Book Advanced Healthcare Systems

Download or read book Advanced Healthcare Systems written by Rohit Tanwar and published by John Wiley & Sons. This book was released on 2022-03-02 with total page 388 pages. Available in PDF, EPUB and Kindle. Book excerpt: ADVANCED HEALTHCARE SYSTEMS This book offers a complete package involving the incubation of machine learning, AI, and IoT in healthcare that is beneficial for researchers, healthcare professionals, scientists, and technologists. The applications and challenges of machine learning and artificial intelligence in the Internet of Things (IoT) for healthcare applications are comprehensively covered in this book. IoT generates big data of varying data quality; intelligent processing and analysis of this big data are the keys to developing smart IoT applications, thereby making space for machine learning (ML) applications. Due to its computational tools that can substitute for human intelligence in the performance of certain tasks, artificial intelligence (AI) makes it possible for machines to learn from experience, adjust to new inputs and perform human-like tasks. Since IoT platforms provide an interface to gather data from various devices, they can easily be deployed into AI/ML systems. The value of AI in this context is its ability to quickly mesh insights from data and automatically identify patterns and detect anomalies in the data that smart sensors and devices generate—information such as temperature, pressure, humidity, air quality, vibration, and sound—that can be really helpful to rapid diagnosis. Audience This book will be of interest to researchers in artificial intelligence, the Internet of Things, machine learning as well as information technologists working in the healthcare sector.

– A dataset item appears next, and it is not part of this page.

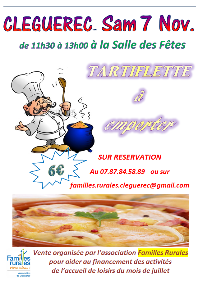 Familles Rurales – Tartiflette à Emporter – Samedi 7 Novembre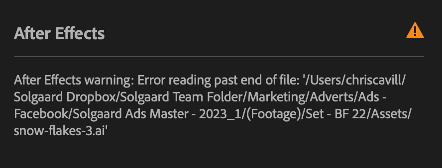 I am having some issues opening my master AE file to export simple adverts. It seems to crash the moment i open it.

Book Advances In Pattern Recognition   Proceedings Of The 6th International Conference

Download or read book Advances In Pattern Recognition Proceedings Of The 6th International Conference written by Pinakpani Pal and published by World Scientific. This book was released on 2006-12-18 with total page 444 pages. Available in PDF, EPUB and Kindle. Book excerpt: This volume contains the latest in the series of ICAPR proceedings on the state-of-the-art of different facets of pattern recognition. These conferences have already carved out a unique position among events attended by the pattern recognition community. The contributions tackle open problems in the classic fields of image and video processing, document analysis and multimedia object retrieval as well as more advanced topics in biometrics speech and signal analysis. Many of the papers focus both on theory and application driven basic research pattern recognition.

Book MRI Atlas of MS Lesions

    Book Details:
  • Author : M.A. Sahraian
  • Publisher : Springer Science & Business Media
  • Release : 2007-10-16
  • ISBN : 3540713719
  • Pages : 184 pages

Download or read book MRI Atlas of MS Lesions written by M.A. Sahraian and published by Springer Science & Business Media. This book was released on 2007-10-16 with total page 184 pages. Available in PDF, EPUB and Kindle. Book excerpt: MRI has become the main paraclinical test in the diagnosis and management of multiple sclerosis. We have demonstrated more than 400 pictures of different typical and atypical MS lesions in this atlas. Each image has a teaching point. New diagnostic criteria and differential diagnosis have been discussed.